Forward Kinematic Model of a New Spherical Parallel Manipulator Used as a Master Device

The paper discusses the Forward Kinematic Model (FKM) of a special Spherical Parallel Manipulator (SPM). The special SPM is obtained by modifying one leg of a classic SPM. This new architecture eliminates the singularity from the workspace. The SPM is used as master device for medical tele-operation system. The FKM of the new SPM is calculated using the equation of spherical four-bar mechanism. A method to improve the FKM calculation using extra sensor is proposed in this paper.

A Real-Time Serial Approach for Solving the Forward Kinematic Model of Spherical Parallel Manipulators

This paper discusses a serial approach to solve the forward kinematic of a spherical parallel manipulator (SPM). The SPM is used as master device in minimally invasive surgery to control a slave robot. The orientation of the moving platform of the SPM is determined by solving the forward kinematic of one serial leg. The forward model is very simple compared to the classical way of solving the forward model using three sensors placed on the base of the SPM and also it does not suffer from parallel singularities which amplify the classic forward model. The serial way of solving the forward model needs a short calculation time which is suitable for real-time applications.

Optimal haptic control of a redundant 3-RRR Spherical Parallel Manipulator

This paper discusses an optimal torque distribution for a redundant 3-RRR spherical parallel manipulator (SPM). The SPM has parallel singular configurations within its workspace. The singularity leads to an amplification of the actuated joint torques which violates the actuator torque limits.
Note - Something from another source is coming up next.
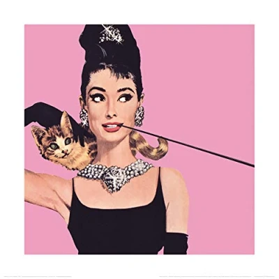 Pyramid International Pink Audrey Hepburn Art Print, Paper, Multi Colour, 40 x 1.3 cm
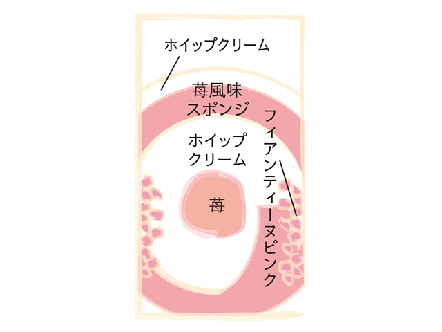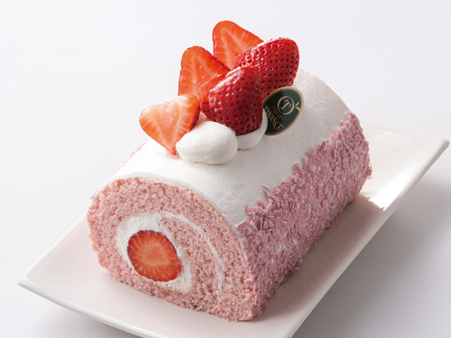 苺風味のスポンジで巻いたロールケーキに苺を可愛らしくトッピング。

The use of a redundant actuator solves the effect of the singularity. The quadratic sum of the actuated joint torques is minimized in order to obtain an optimal torque distribution. Experiments carried out show the advantage of introducing redundancy of actuators to improve the behavior of the SPM.
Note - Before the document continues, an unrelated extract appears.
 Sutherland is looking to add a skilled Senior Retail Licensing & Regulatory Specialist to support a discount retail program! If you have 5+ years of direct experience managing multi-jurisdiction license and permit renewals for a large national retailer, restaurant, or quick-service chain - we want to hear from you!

Optimal design of a new spherical parallel manipulator

This paper deals with the optimization of a New Spherical Parallel Manipulator (N_SPM). The N_SPM is obtained by changing the kinematic of one leg of a classic spherical parallel manipulator. This change is carried out to reduce the presence of the singularity in the useful area of the workspace. The mobility of the N_SPM is similar to the classic one. First, the less-singular working mode of the N_SPM was identified then an optimization of the dexterity is made to eliminate the singularity from the useful workspace. Finally, the optimal N_SPM is presented.

A new serial approach of the forward kinematic model of spherical parallel manipulators for real-time applications

Parallel architectures are increasingly used as haptic devices to provide low inertia, high stiffness and compactness. Thus, spherical parallel manipulators have been developed to generate the three rotational movements in a sufficient workspace. However, these parallel structures have complex kinematic models and can suffer from critical singularity issues. This paper proposes a serial approach to solve the forward kinematic model of a spherical parallel manipulator, which is used as a haptic device in minimally invasive surgery. The new forward kinematic model is based on the serial positioning of the three sensors on one leg rather than placing the three sensors on the three actuated base joints. The forward kinematic model calculation is thus simplified to be suitable for real-time applications (computing time around 5 µs) without cost increase. Parallel singularity effects are removed using this approach and the accuracy of the forward kinematic model is highly enhanced. Simulations were carried out to show the benefits of this approach. The resulting errors of the forward kinematic model calculation due to measurement noises do not exceed 0.2° along the workspace. Experiments were carried out to demonstrate the control of a surgical robot.